Harlem United vice president for policy and advocacy and task force member Kimberleigh J. Smith, said, “The task force has been a great model for using the best of what we know to create a comprehensive plan of action to end AIDS. New approaches to HIV prevention—like PrEP—were elevated from the outset. We’re excited to deliver a plan to create greater access to, and awareness of, PrEP—with bolstered education and outreach; initiatives to deliver PrEP to women, transgender individuals, young people, and gay men of color; and a state drug assistance program that will defray the cost of care. But the plan doesn’t stop there. It puts forth progressive prevention interventions that acknowledge the realities of people’s lives and the structural drivers of HIV, such as unstable housing, stigma, lack of jobs and economic insecurity.”

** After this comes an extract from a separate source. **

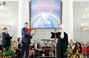 За активную деятельность по духовному возрождению России, большой вклад в развитие миротворчества и межконфессионального диалога юбилейной золотой медалью Российского фонда мира были награждены члены правления РФМ: Святейший Патриарх Кирилл, председатель Совета муфтиев России Равиль Гайнутдин, главный раввин России Адольф Шаевич. Награды вручил председатель правления Российского фонда мира Л.Э. Слуцкий.
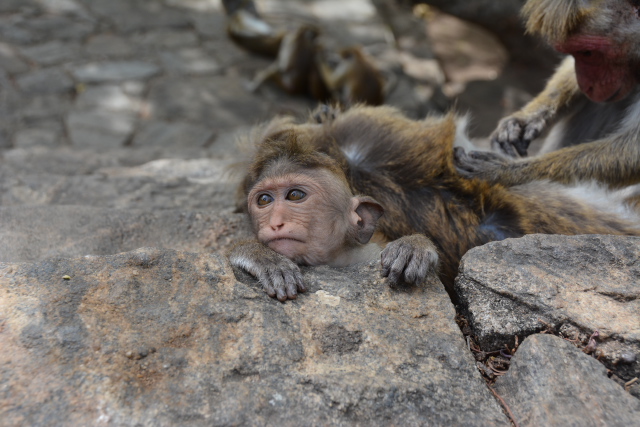 チケット売り場で、現地ガイドGさんからチケットをもらって石窟寺院への階段を上りました。階段にはトクモンキーがあちこちにいて、寝そべったり毛繕いをしたりしています。犬や人も多いです。20分ほどで石窟寺院のある山頂に到着。靴を預けて入り口を通ると、手前から第1から第5まで5つの石窟が並んでいます。最大の石窟は第2石窟です。天井のブッダの絵が素晴らしいかった。ブッダの生涯や侵略者との戦いの物語が描かれているとのことでした。

Task force member Reverend Moon Hawk River Stone, an internationally recognized expert in transgender care, stated, “What really excited me was seeing people from all around the state work together across community, professional, or identity lines to create a truly integrated HIV/AIDS plan to meet the needs of all communities.” Stone, who lives in Schenectady, is working to spur integration of the Plan into its local government programs. “But we need state legislative support,” Stone said. “For example, while we all hail Governor Cuomo’s leadership in transgender health, the state needs to pass the Gender Expression Non-Discrimination Act, or GENDA, to bring an end to stigma and discrimination experienced by this population, which has among the highest rates of HIV infection.”

Jim Eigo of ACT UP/New York, a member of the task force’s Prevention Committee, said, “The state, the City, and the HIV community have effectively developed the first plan anywhere to bring the AIDS epidemic to a close. We will not achieve success until every New Yorker has the tools, health care access, information, coverage, and social support services needed to stay HIV-negative or, if already HIV-positive, to stay healthy and unable to further transmit HIV to others. The real work begins now, turning this vision into a reality, community by community.”

As Governor Cuomo reaffirmed in his inaugural address on January 1, 2015: “We set a national standard and committed this state to be the first state in the nation to end the AIDS epidemic in the next decade, and we’re going to do it.”

“We look forward to working with the governor, the state legislature, Mayor de Blasio, the state and local health departments, health and service providers, researchers, the private sector, and the community over the coming six years to end the epidemic,” said Housing Works’ King. “With the momentum, expertise, and commitment built up in this state over the past 33 years of the AIDS pandemic, and the intensive activism and partnership among all stakeholders over this last year, we can move forward together into the epidemic endgame.”